Gisler erforscht die Persönlichkeit eines nicht mehr ganz jungen aber auch noch nicht wirklich alten Mannes, Florian Burkhardt. In den 1990er Jahren hat Florian B. als Model die Welt gesehen, machte sich daran Hollywood zu erobern, wurde unter dem Pseudonym „Electroboy“ zu einer Schlüsselfigur der kommerziellen Party-Szene in der Schweiz. Jetzt haust er in Bochum, in ärmlichen Verhältnissen, geplagt von Misserfolg und häufigen Panikattacken. Das Drehen des Films hat sicher auch etwas von einer Therapie für Florian Burkhardt gehabt. Er beweist sich im Interview mit Gisler nämlich selbst, und damit dem Publikum, dass es auch „ganz unten“ möglich ist, die eigene Würde zu bewahren.

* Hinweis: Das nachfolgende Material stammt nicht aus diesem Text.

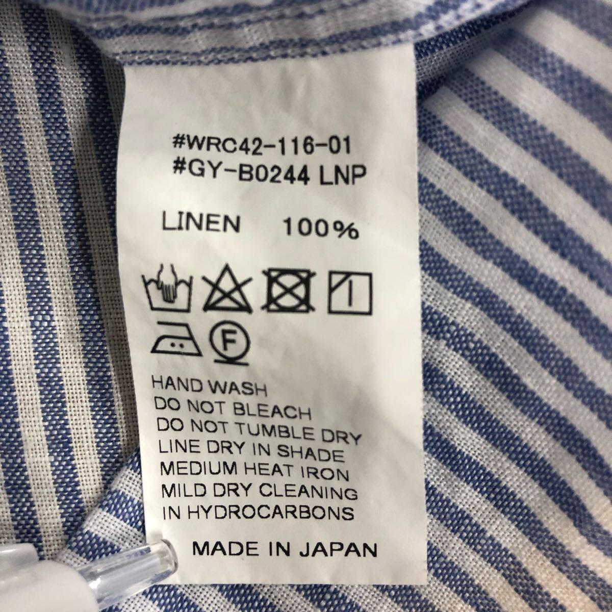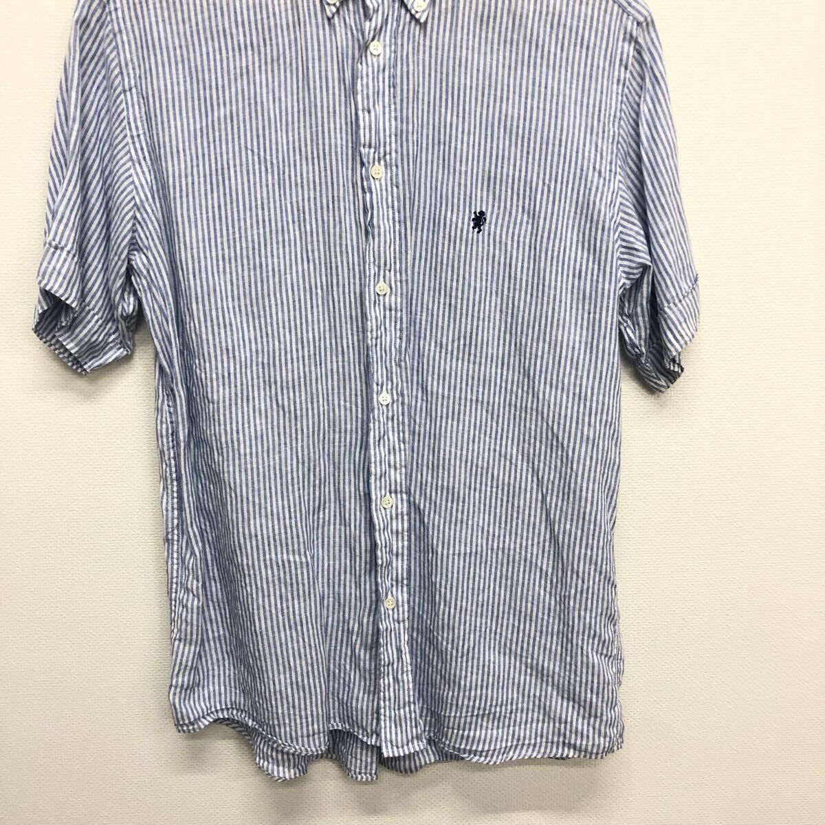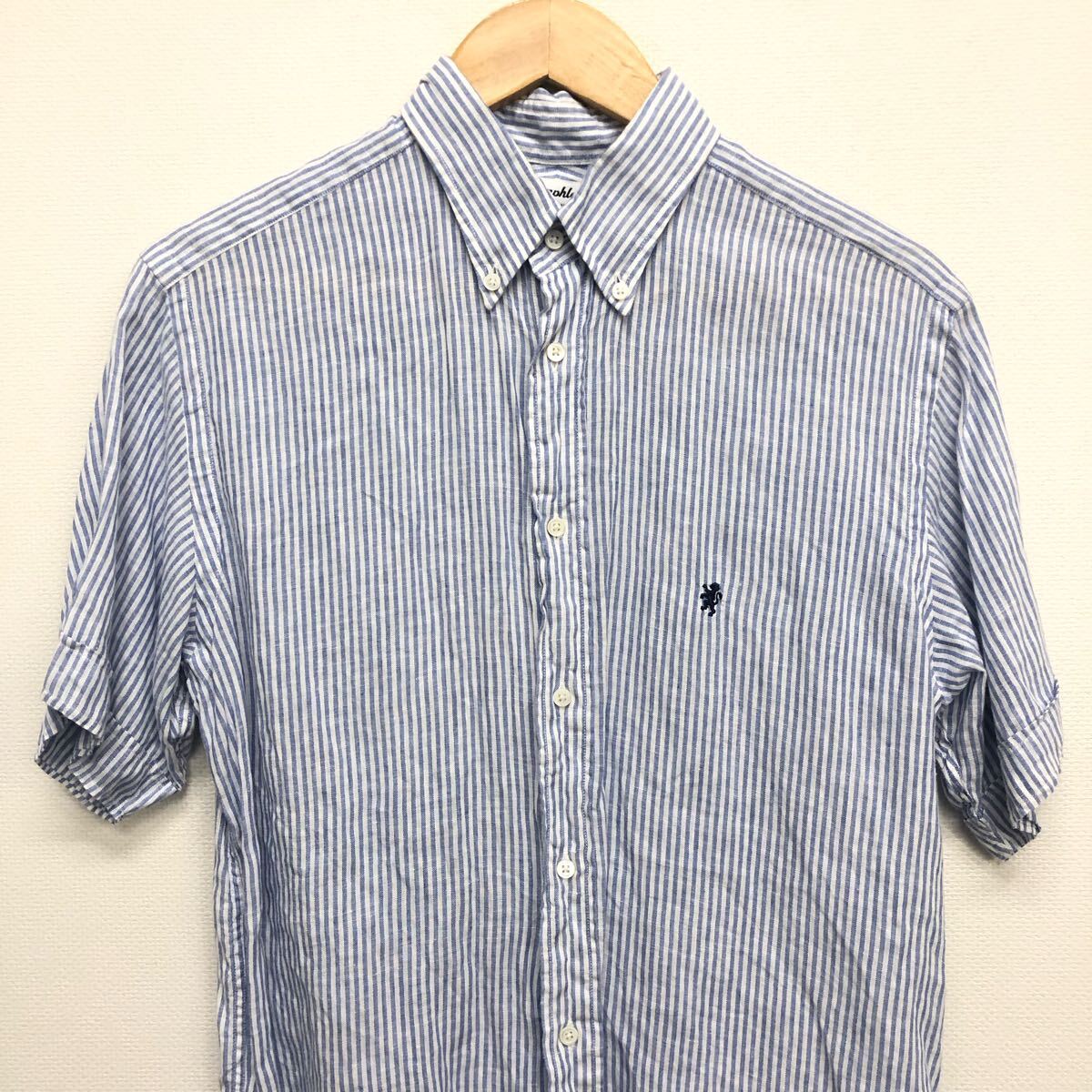 【Gymphlex】ジムフレックス★半袖シャツ サイズM リネン ブルー ストライプ gy-b0244 ボタンダウン シャツ BA

Das klug geführte Interview des Regisseurs mit dem Protagonisten steht im Zentrum des Films. Als Zuschauer kommt man dabei der Titelfigur sehr nah. Doch man wird nie zum Voyeur. Marcel Gisler ist nicht auf Sensationen aus, nicht darauf, eine Persönlichkeit zu entblättern. Er ergründet vielmehr welche Möglichkeiten Menschen haben, die sich in schillernden Träumen verlieren, wieder Bodehaftung zu bekommen. Dabei verschweigt der Film nicht, wie schwer das sein kann. Genau das macht seine enorme Wirkung aus.